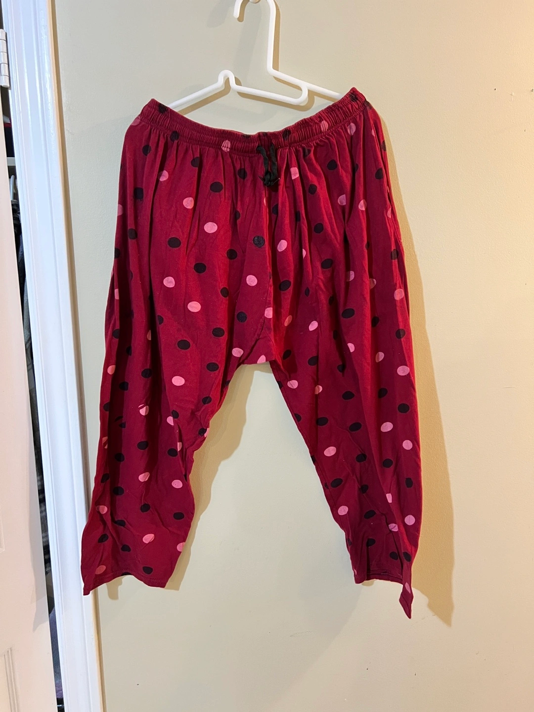 Bundle includes four pairs of women's pants and one long-sleeved shirt. Variety of colours and patterns. Sizes may vary. Please see photos for details.
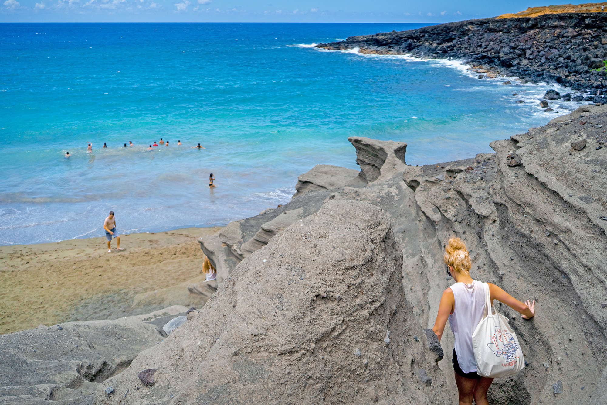On the Big Island in Hawaii, there is a hard-to-get-to beach that either takes HOURS to hike to in the blazing sun through sand dunes, or you can pay an old Ohioan man named Tim to take you down in his off road pickup truck.
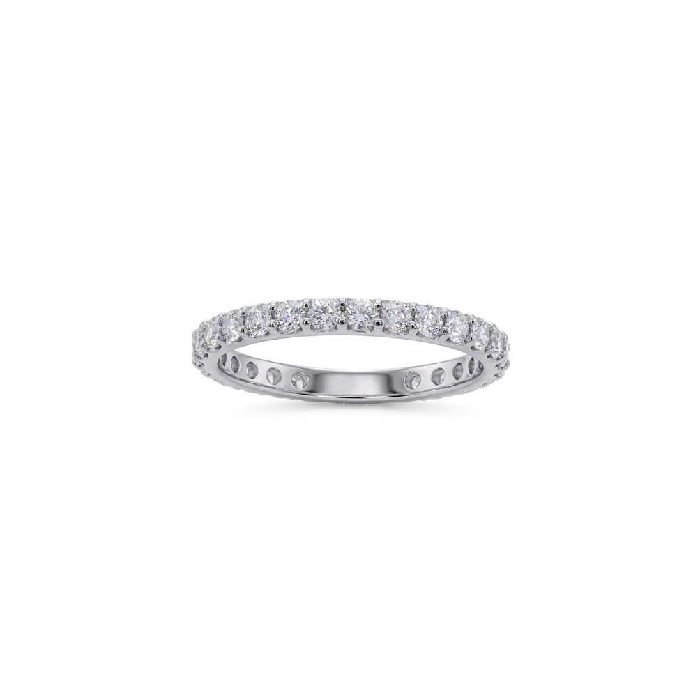 Délicate et lumineuse, cette alliance en or blanc révèle un raffinement absolu. Son anneau fin et poli accueille une ligne harmonieuse de diamants ronds, minutieusement sertis en griffes pour capter et diffuser la lumière à chaque mouvement.
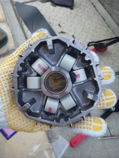 現在入れている15gのローラーを12gに変更してみました感想は・・・・乗りにくいノーマルのマフラーなんで15gぐらいがちょうどなんですかねぇすぐに15gに戻しましたやっぱり15gは乗りやすいですさて今からマフラー探し始めます
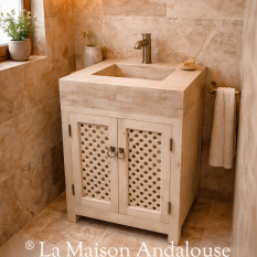 Meuble de sdb porte moucharabieh avec vasque en travertin dimension 80cmx50cmxh85cm.
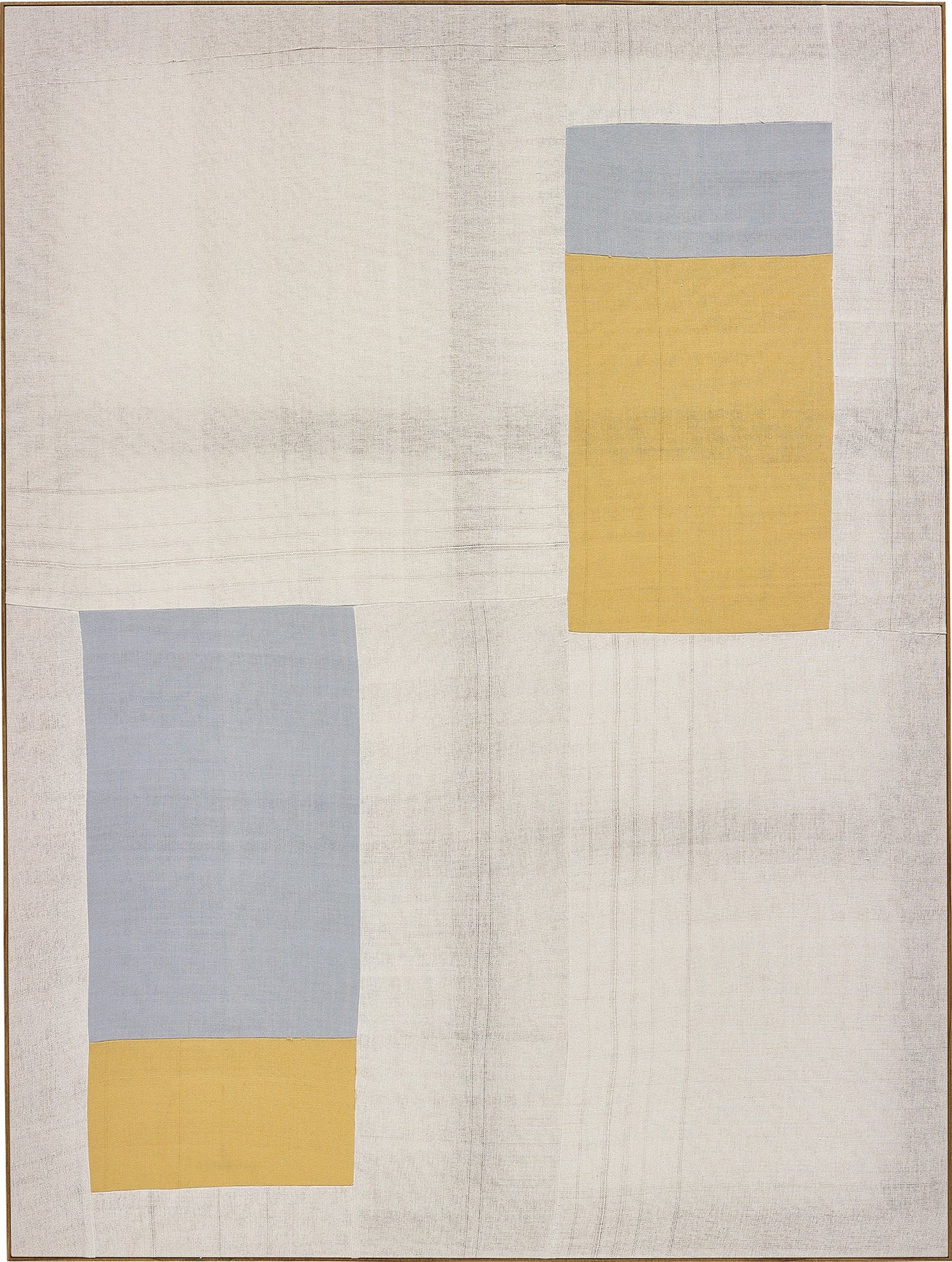 American | 1983New York-based artist Ethan Cook is known for his abstract paintings on self-produced canvases. More recently, he has used handwoven strips of cotton and linen to create painterly compositions. Cook's woven canvases are contemporary in their minimalist focus on shape and color while referencing one of the most traditional art forms, weaving. Cook weaves his own canvases on a loom and juxtaposes these with store-bought canvas sheets in abstract arrangements. For the artist, the surface of the canvas itself becomes the focus of his practice. Using simple geometric shapes and a limited color palate, Cook's works nurture structural simplicity.
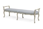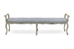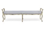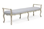 French Directoire style distressed white painted bench with geometric pattern upholstery, carved scrolled arms with shell motifs ending with cabriole legs.
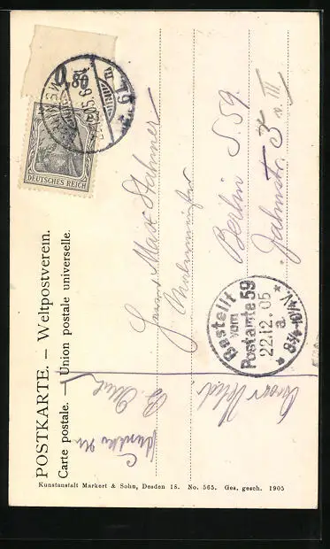 alte Ansichtskarte, gelaufen 1905, guter Zustand
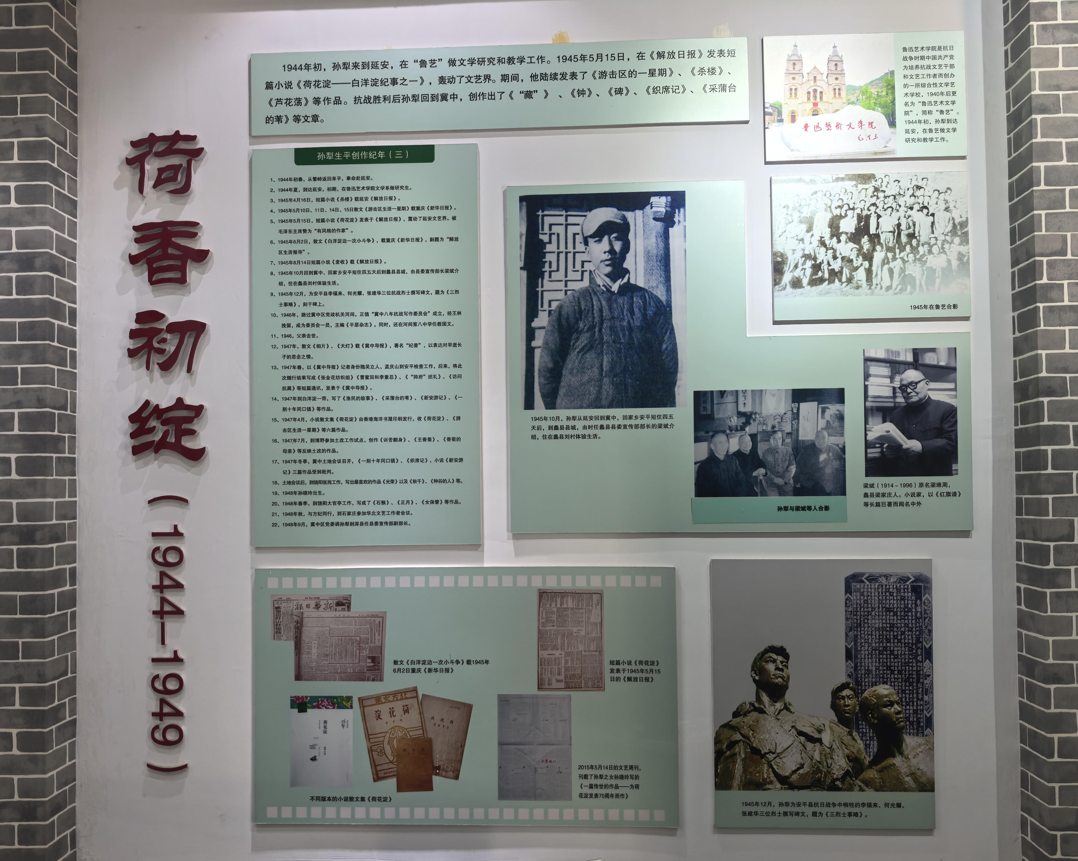 踏入内院,堂屋对联“荆树有花兄弟乐,砚田无税子孙耕”墨迹犹新,相传为孙犁父亲手笔,蕴含着对兄弟和睦、子孙勤学的期许与传统文化的底蕴。西间卧房的土炕上,粗布被褥仍保留着旧时模样。仰首可见顶棚糊满泛黄的《大公报》——青年孙犁正是从这些报纸触摸外界风云。
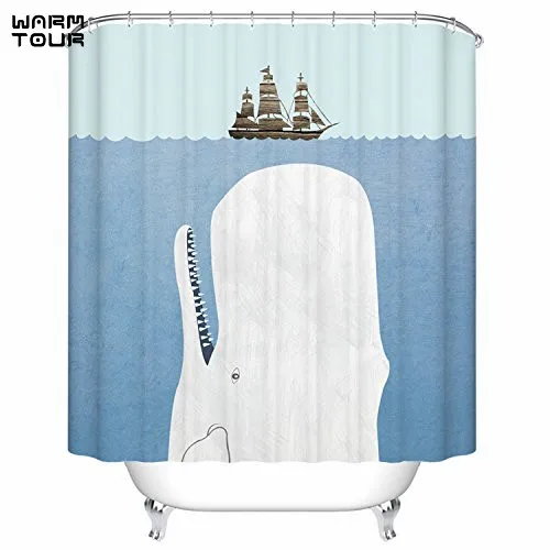 Warm Tour Whale Sail Design Fabric Shower Curtain Waterproof
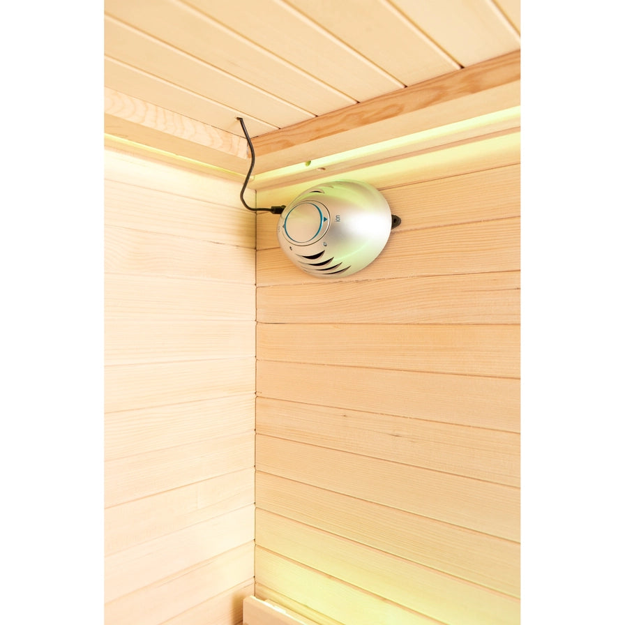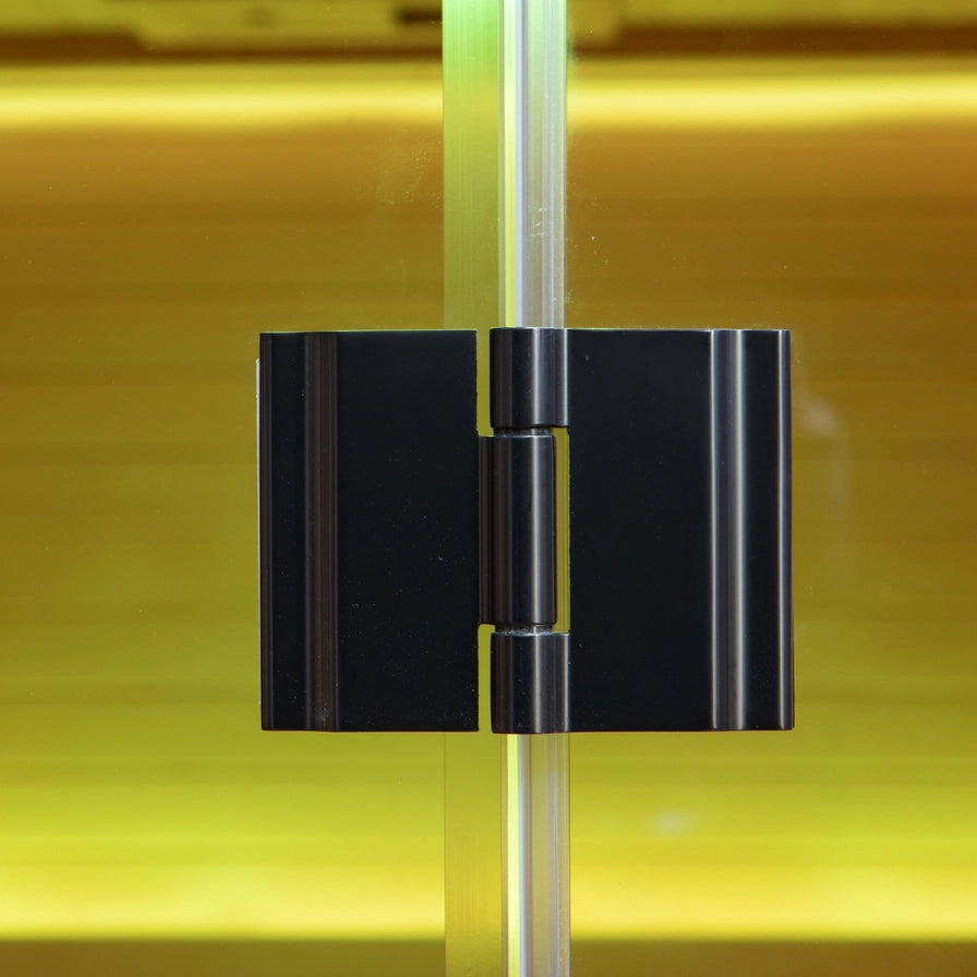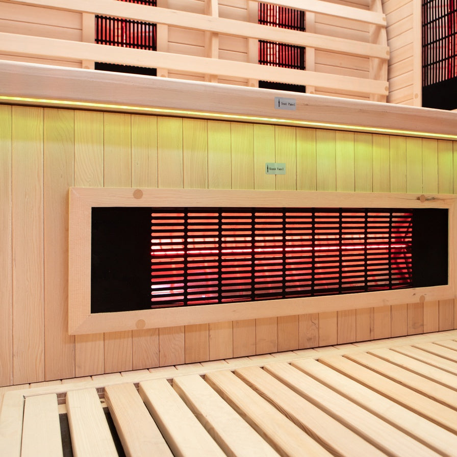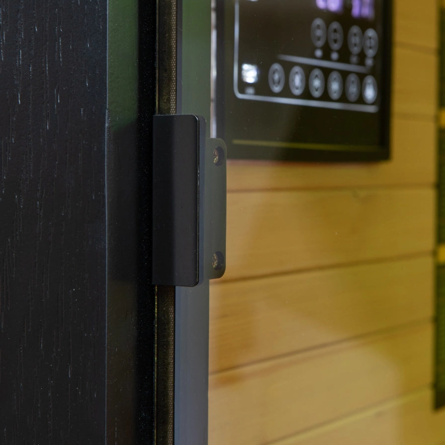 This isn't just about looks. Inside the fully insulated cabin, 7 high-intensity ruby glass emitters work in tandem with an exclusive 40" x 14" glass floor heater (245 W) to eliminate "cold feet" and provide a 360° deep-sweat experience. The 8mm bronze privacy glass is finished with a black wood handle (11" spacing) and a right-hand door swing. We built the Noir for those who find standard 120V saunas "too mild."

● **What the task asks**
Beginning with the line holding "On the Big Island" in the material above, restate word for word each line through the line holding "Warm Tour Whale", and exclude pictures.

● **Answer for the task**
On the Big Island in Hawaii, there is a hard-to-get-to beach that either takes HOURS to hike to in the blazing sun through sand dunes, or you can pay an old Ohioan man named Tim to take you down in his off road pickup truck.
 Délicate et lumineuse, cette alliance en or blanc révèle un raffinement absolu. Son anneau fin et poli accueille une ligne harmonieuse de diamants ronds, minutieusement sertis en griffes pour capter et diffuser la lumière à chaque mouvement.
 現在入れている15gのローラーを12gに変更してみました感想は・・・・乗りにくいノーマルのマフラーなんで15gぐらいがちょうどなんですかねぇすぐに15gに戻しましたやっぱり15gは乗りやすいですさて今からマフラー探し始めます
 Meuble de sdb porte moucharabieh avec vasque en travertin dimension 80cmx50cmxh85cm.
 American | 1983New York-based artist Ethan Cook is known for his abstract paintings on self-produced canvases. More recently, he has used handwoven strips of cotton and linen to create painterly compositions. Cook's woven canvases are contemporary in their minimalist focus on shape and color while referencing one of the most traditional art forms, weaving. Cook weaves his own canvases on a loom and juxtaposes these with store-bought canvas sheets in abstract arrangements. For the artist, the surface of the canvas itself becomes the focus of his practice. Using simple geometric shapes and a limited color palate, Cook's works nurture structural simplicity.
 French Directoire style distressed white painted bench with geometric pattern upholstery, carved scrolled arms with shell motifs ending with cabriole legs.
 alte Ansichtskarte, gelaufen 1905, guter Zustand
 踏入内院,堂屋对联“荆树有花兄弟乐,砚田无税子孙耕”墨迹犹新,相传为孙犁父亲手笔,蕴含着对兄弟和睦、子孙勤学的期许与传统文化的底蕴。西间卧房的土炕上,粗布被褥仍保留着旧时模样。仰首可见顶棚糊满泛黄的《大公报》——青年孙犁正是从这些报纸触摸外界风云。
 Warm Tour Whale Sail Design Fabric Shower Curtain Waterproof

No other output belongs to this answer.